Task objective: List, from the lines below, each one with "things" in it.

Records supplied:
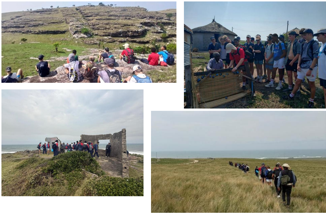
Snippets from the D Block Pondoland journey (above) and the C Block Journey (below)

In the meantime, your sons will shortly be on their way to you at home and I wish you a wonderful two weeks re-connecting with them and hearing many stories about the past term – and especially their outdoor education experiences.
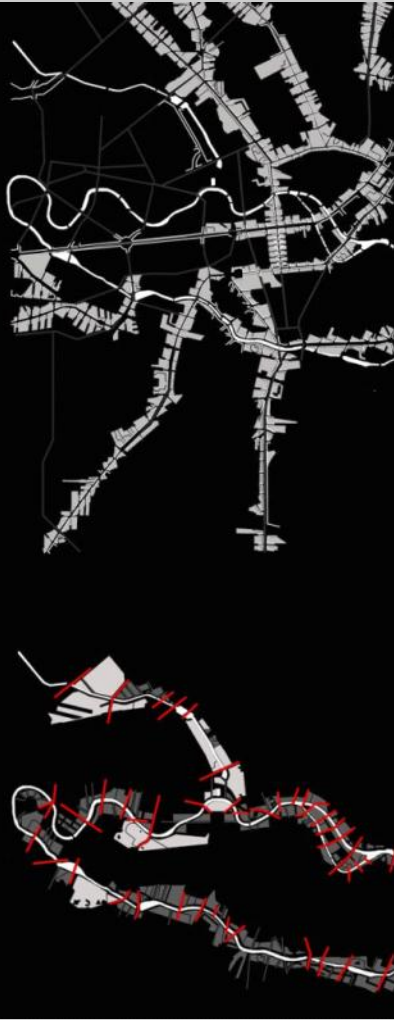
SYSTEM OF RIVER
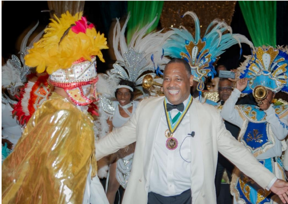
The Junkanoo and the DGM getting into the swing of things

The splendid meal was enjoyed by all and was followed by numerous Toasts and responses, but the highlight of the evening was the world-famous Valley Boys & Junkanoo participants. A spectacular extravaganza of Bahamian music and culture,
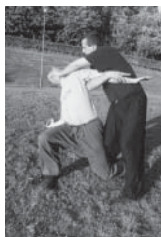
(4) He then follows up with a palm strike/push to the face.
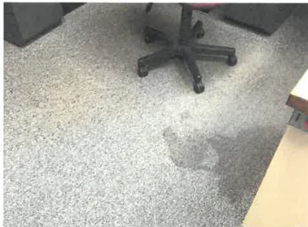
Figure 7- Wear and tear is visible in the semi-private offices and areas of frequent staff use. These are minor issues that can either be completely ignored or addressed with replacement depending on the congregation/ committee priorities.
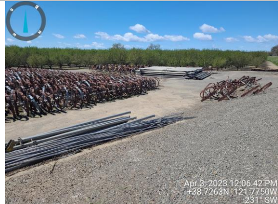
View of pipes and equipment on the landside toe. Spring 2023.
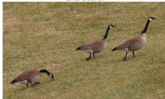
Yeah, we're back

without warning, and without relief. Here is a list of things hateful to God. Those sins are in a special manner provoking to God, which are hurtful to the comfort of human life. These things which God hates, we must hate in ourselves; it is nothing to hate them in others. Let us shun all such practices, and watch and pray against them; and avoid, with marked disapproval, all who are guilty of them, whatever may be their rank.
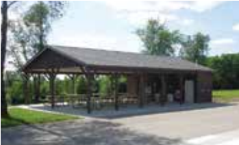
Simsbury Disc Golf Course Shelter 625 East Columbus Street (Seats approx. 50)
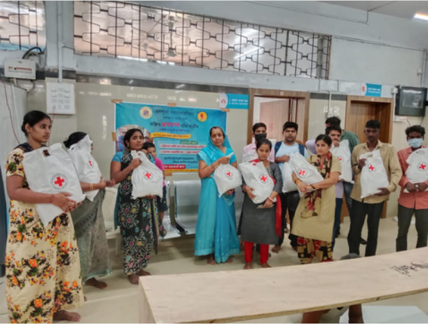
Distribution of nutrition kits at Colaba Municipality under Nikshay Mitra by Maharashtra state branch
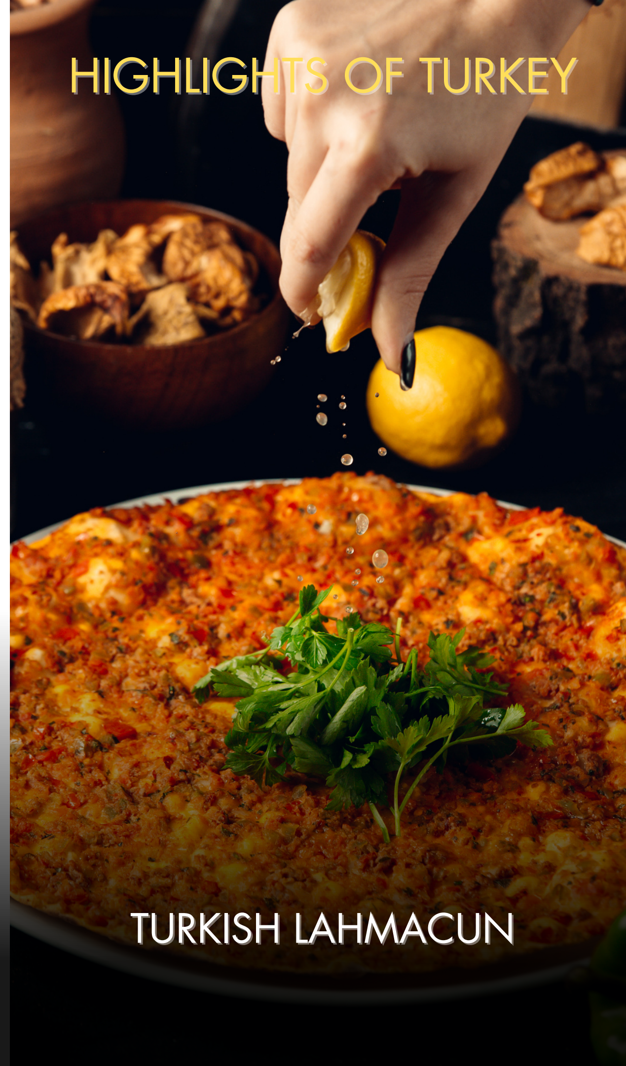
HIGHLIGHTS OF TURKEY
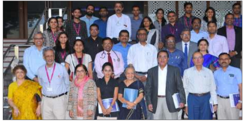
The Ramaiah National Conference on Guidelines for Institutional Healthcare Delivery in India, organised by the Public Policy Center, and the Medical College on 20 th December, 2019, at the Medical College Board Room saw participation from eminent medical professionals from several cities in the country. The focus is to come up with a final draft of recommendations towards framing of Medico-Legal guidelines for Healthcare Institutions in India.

Result for this task:
The Junkanoo and the DGM getting into the swing of things
without warning, and without relief. Here is a list of things hateful to God. Those sins are in a special manner provoking to God, which are hurtful to the comfort of human life. These things which God hates, we must hate in ourselves; it is nothing to hate them in others. Let us shun all such practices, and watch and pray against them; and avoid, with marked disapproval, all who are guilty of them, whatever may be their rank.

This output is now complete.